06/02/2026
Who Cares? They’re Prisoners.
The other day somebody said something to me that I’ve heard a hundred times.
“Who cares? They’re prisoners.”
And honestly, if you’ve never had a loved one incarcerated, I understand why that’s the reaction.
But here’s the problem.
More than 90% of the people currently sitting in Utah prisons are coming home.
Not someday.
Not maybe.
They’re coming home.
They’re moving into neighborhoods.
They’re getting jobs.
They’re raising kids.
They’re sitting next to people in church.
They’re becoming part of communities again.
So whether you care about prisoners or not, you should care about what happens to them while they’re in prison.
Because whatever is happening inside those walls eventually walks right back out the front gate.
Over the last year, I’ve spent hundreds of hours reading letters, grievances, emails, public records, and reports from incarcerated people, family members, volunteers, and treatment providers.
And what strikes me isn’t any one story.
It’s how often the stories sound the same.
One person reports being told they need a program before parole, but can’t get into the program.
Another reports a medication interruption.
Another reports losing access to mental health treatment after a transfer.

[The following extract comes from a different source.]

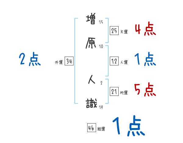 天運![]() | 増原人識さんの天運は25画の4つ星!個性があり才能があふれる。強運の持ち主で発展する。 家系が持つ宿命的な運勢を表します。祖先から受け継いだ苗字ですので自分の力が及びません。家柄を象徴します。 |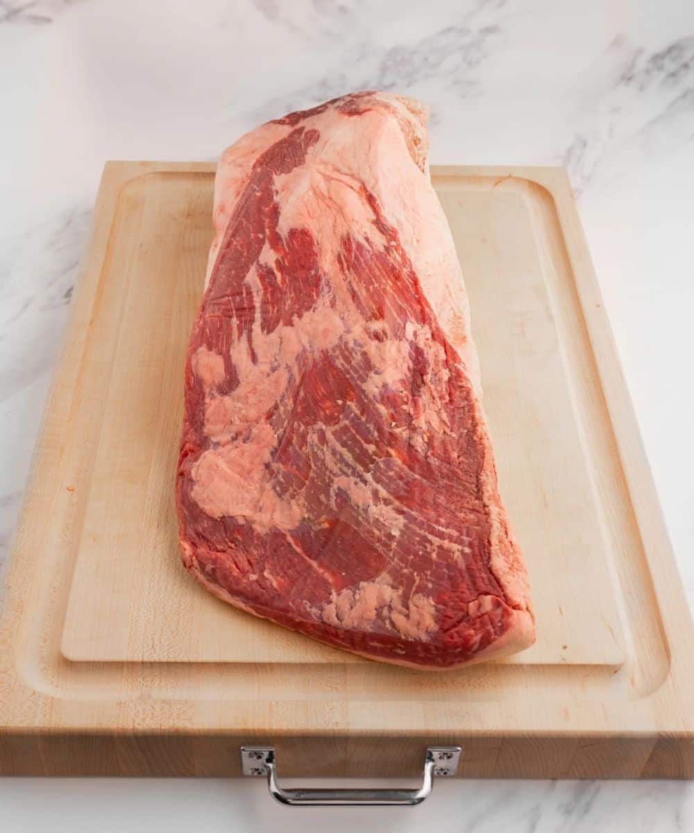 - Wrijf de brisket in met mosterd als binder en bestrooi royaal met een mix van zeezout, zwarte peper en knoflookpoeder.

Another reports waiting weeks for medical attention.
Another reports being locked down for days with limited movement.
A single complaint doesn’t prove anything.
But when the same complaints keep showing up from people who don’t know each other, at some point you have to stop asking whether the people are connected and start asking whether the problem is.
That’s why prison reform matters.
Not because prison should be comfortable.
Not because people shouldn’t be held accountable.
Because taxpayers are spending millions of dollars to produce an outcome.
The outcome is supposed to be safer communities.
If people are leaving prison more unstable, less healthy, less educated, and less prepared for life than when they entered, then we’re not getting the outcome we’re paying for.